The finishing touches to an egg, cheese and sausage sandwich were just coming together – my Saturday morning, after gym meal – when my cell phone rang. The screen displayed, “Mom.” This can’t be good, I thought.
“Hello,” I said.
My dad was on the other end. “You up yet or are you still sleeping?” My dad always thinks everyone sleeps too much. He is cut from the cloth when men were expected to be up and working every single day at the crack of dawn.
“I’m up. What’s going on?”
“Can you come over here this morning? We have some very serious business to discuss.” He didn’t sound like he was kidding. He sounded like he was going to tell me someone was dead or dying.
I asked him if everyone was okay. “Yeah,” he said, “me and your mother aren’t dead or dying.”

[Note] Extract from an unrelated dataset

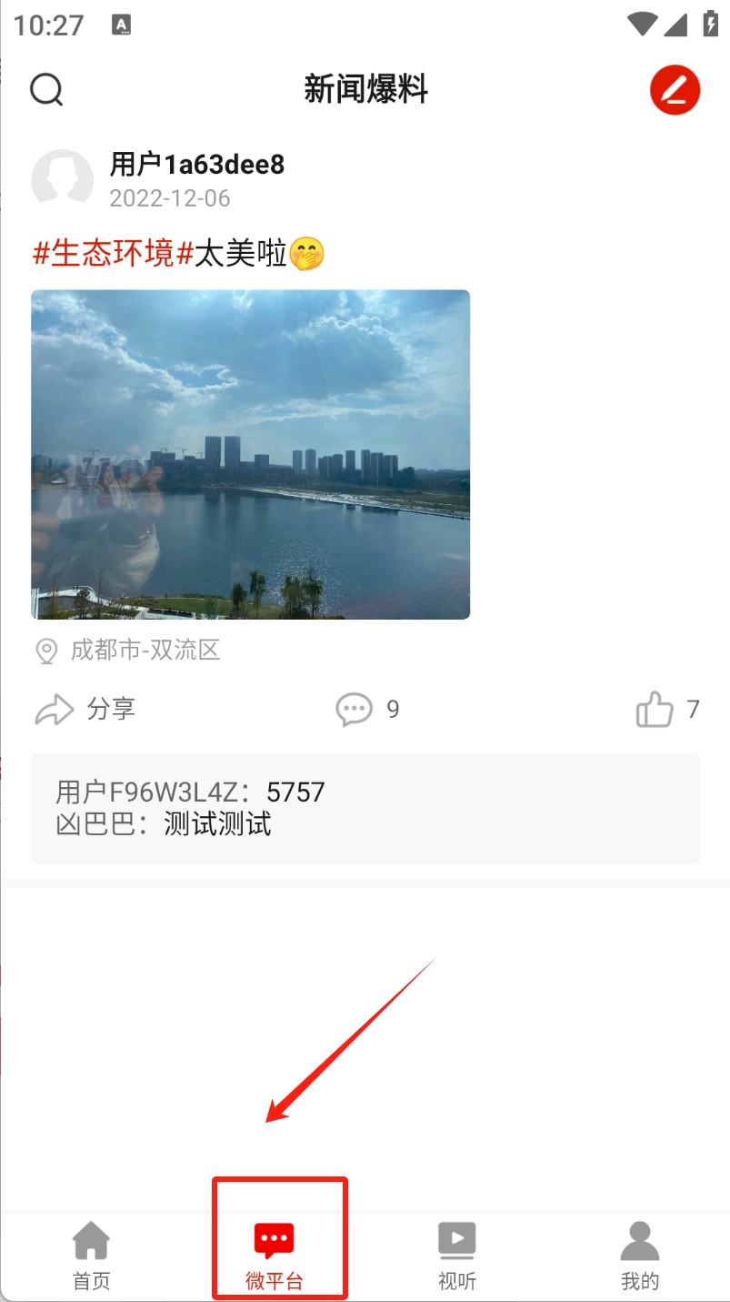 2、查看新闻爆料:点击“微平台”图标,浏览用户分享的新闻爆料和图片。

I am almost forty-three and have never been summoned by my parents to discuss “very serious business.” This must be what it feels like to be a mafia soldier when the don calls unexpectedly. “Hey thirty-fingers, can you come by the social club? Use the back door and go to the basement.”
My mind became a rolodex and the cards every conceivable eventuality that would qualify as “very serious business.”
I drove over – very quickly – the good mafia soldier. I settled in on the couch – prepared for something disastrous like, “It’s time you know that you were adopted. We decided to tell you because of the possibility that your real father, Newt Gingrich, may get the GOP nomination.”
“Well,” my dad said. Here it comes, I thought. “You know we are going to be in Florida next month. I can’t drive far anymore. Do you think you could come down there before we leave and travel with us back here?”
I wasn’t going to get whacked, Newt wasn’t my father (thank God for all that is holy). The racing thoughts, the dire predictions, the 85 MPH car trip was all to ask me if I could fly to Florida, load my parents and their car on an Amtrak train, ride overnight while we have dinner in the dining car, sleep in a sleeper car, get off the train in DC and drive them back to Pittsburgh.
Why they had to tell me in person, on Saturday morning, after a cryptic phone call is a question that will never be answered.
As I gathered my coat and my mental acuity, I asked if they had alcohol on the train.
“Wine with dinner and drinks in the lounge car,” My dad said. “But we usually sneak on a pop bottle full of Manhattans.” All aboard.